さよなら事典

演劇をつくること

□ 演技

えんぎ

 

私たちが考えている、さよならキャンプの演技について話したいと思います。

 

 

 

 

 

 

 

 

 

 

1. 演技を統一する

 

演技と言っても、様々な種類の演技があると思います。ここで言う演技とは、役者の演じ方です。芝居の内容によっても違ってくるし、役者によっても違ってくるし、演出の人によっても違ってくると思います。


以前、演出として一つの芝居に参加した時に、出ていただく役者さん全員に「演技が上手いと思う役者を見つけてきてください。そして、何故その人を上手だなと思ったのか理由を考えてきてください。」という課題を出したことがあります。後日、皆さんに発表してもらうと、上手だと思う役者は被ることがなく、理由も様々でした。つまり上手い演技というもので、誰もが納得する正解はないのだということです。これはやる側も違えば、もちろん観る側も違うと思います。となると、役者はそれぞれが考えている「上手な演技」をする必要がないということになります。役者さんが上手だと思っていても、誰もその演技を上手だと思っていない可能性だってあります。では、役者は何を目指して演技をするといいのでしょうか。


私の考えでは、出ている役者が、全員が納得できる「上手な演技」をすることはできないと思いますが、その芝居の役者たちの間で、演技を合わせることはできると思います。

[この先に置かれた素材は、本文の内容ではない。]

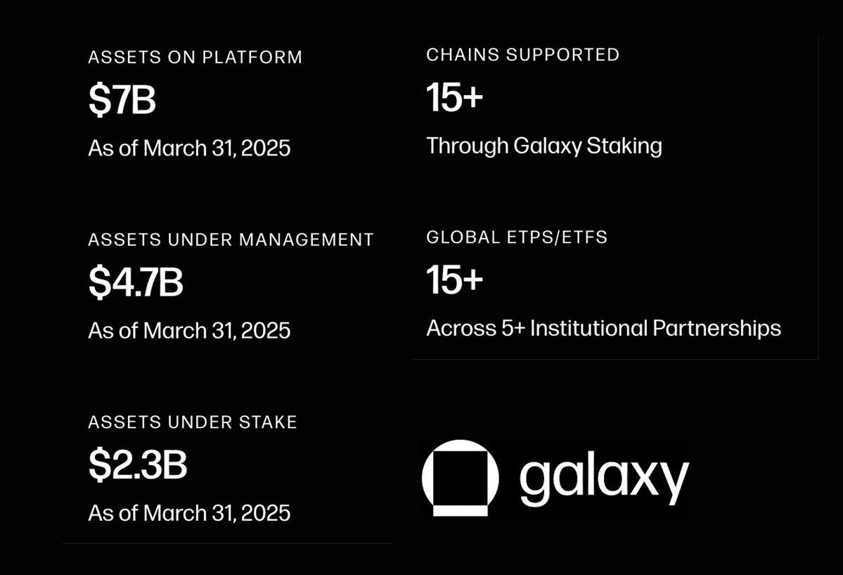 Ai 姨:Galaxy Digital 是 2017 年底成立的加密金融服务和资管公司,目前拥有五大业务线:交易、投资、资产管理、咨询和挖矿,被誉为「华尔街最懂加密货币的机构」。其中最核心的盈利部门是交易与投资业务,交易业务主要就是提供场外现货交易。这也是 Galaxy 近期最高频出现的角色定位了;场外业务合作方涵盖传统金融机构(如高盛、道富银行)、数字资产管理公司、托管与质押服务商(如 Fireblocks / BitGo)以及科技公司等。官网数据显示,目前平台资产规模达 70 亿美元,资管规模 47 亿美元,质押资产 23 亿美元,支持 15 条公链及网络,与 15 家 ETP 和 ETF 建立了合作。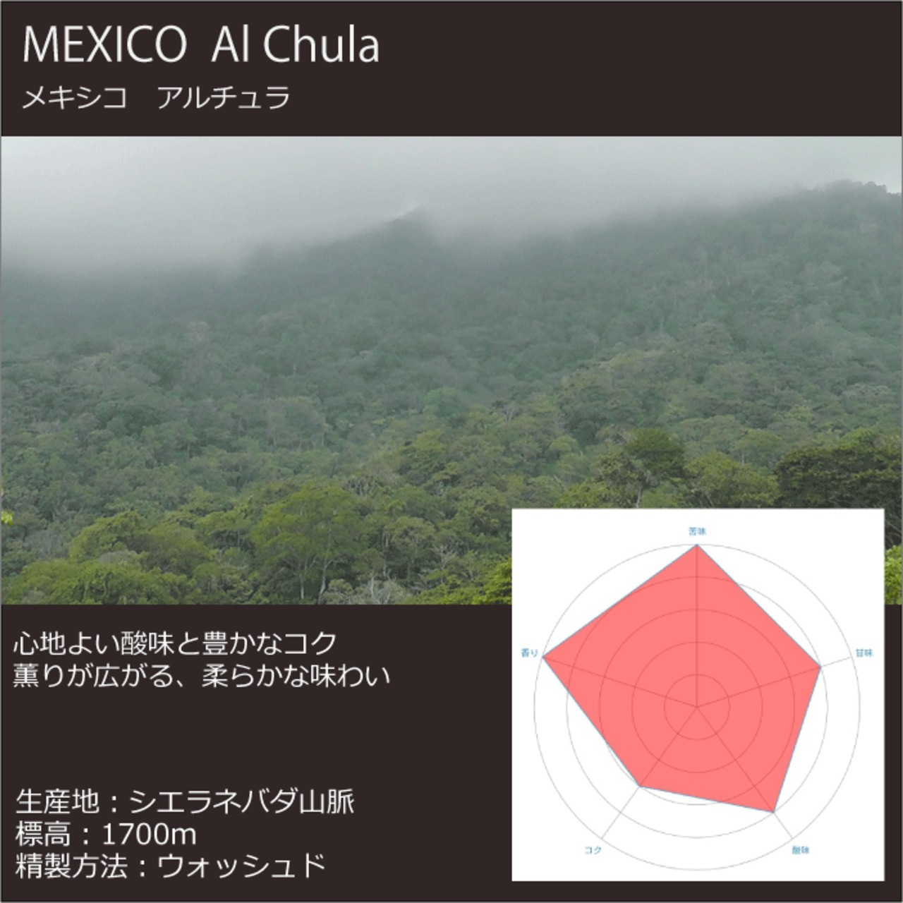 メキシコの高地で栽培されたコーヒー豆。豆本来の風味と、心地よい酸味と香り豊かなコクが特徴です。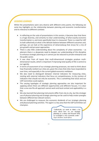 LESSONS LEARNED Whilst the presentations were very diverse with different entry points, the following are some key highlights on the relationship between planning and economic transformation and its relevance to different contexts: ·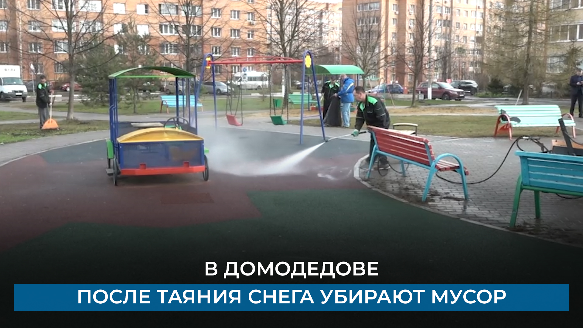 В Домодедове после таяния снега убирают мусор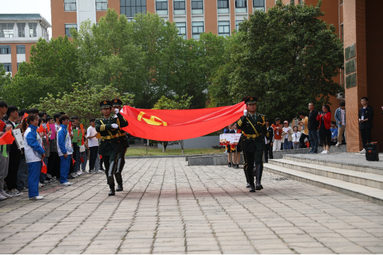 全体肃立,出团旗,奏团歌。启动仪式在全体同学嘹亮的歌声中拉开帷幕,共产主义青年团团旗在四名国旗班成员的护送下,缓缓通过人群前方。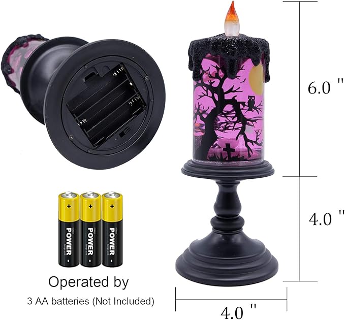 - CREATIVE DESIGN: Unlike traditional flameless candles, this lighted snow globe candle powered by 3 AA batteries and built-in motor swirl the water like the GHOST spinning around the candle. A great addition to your indoor Halloween decoration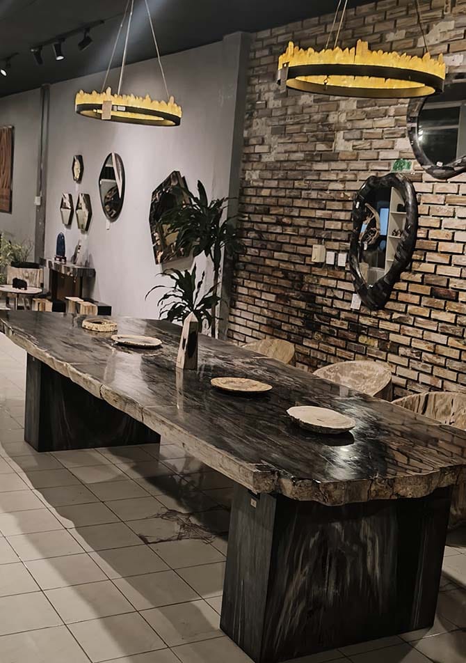 Manufactured at industrial scale in Bogor, West Java, our petrified wood dining tables are engineered for hospitality installations, architectural projects, and container-based wholesale distribution.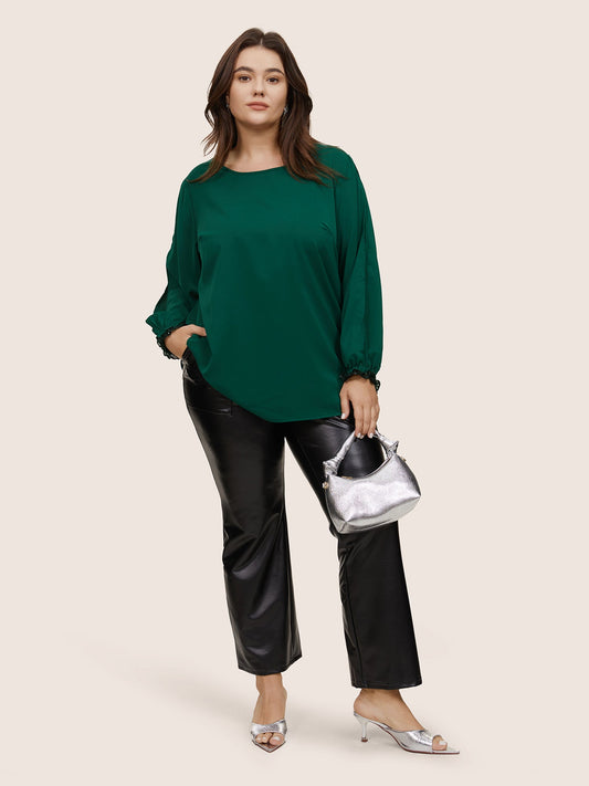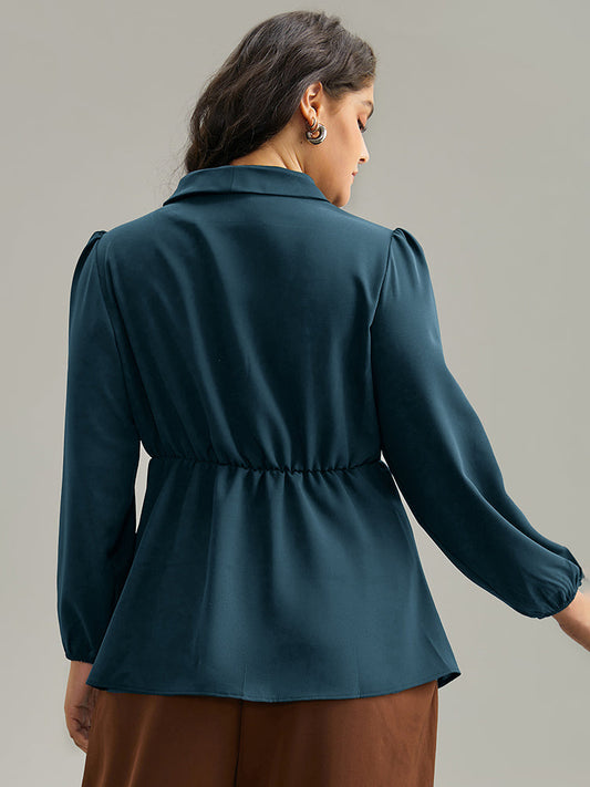 Static-Free Plain Metal Detail Keyhole Shirred Blouse

芝居の内容、演出の意図で違ってきますが、一つの芝居を作る中で演技を合わせることは、役者が目指すところだと思っています。何故、演技を統一することが大事かというのは、後ほどお話します。

 

 

二、 演技が上手い、下手とは

 

とは言え、私たちは役者の演技を見て、上手だなあとか、下手だなあと、思うことはあります。そもそも上手な演技、下手な演技とは何でしょうか。下手な演技をしてはいけないのでしょうか。


前述したように、人それぞれ考えが違います。私が考える演技の上手、下手をお話します。戯曲の種類にもよりますが、上手な演技とは「演技をしていない登場人物に見える」。下手な演技とは「演技をしている役者に見える」です。難しい話です。演技をしているのは間違いないのですが、演技をしているように見せない。私が思う上手な演技とは、言ってしまえばそういうことです。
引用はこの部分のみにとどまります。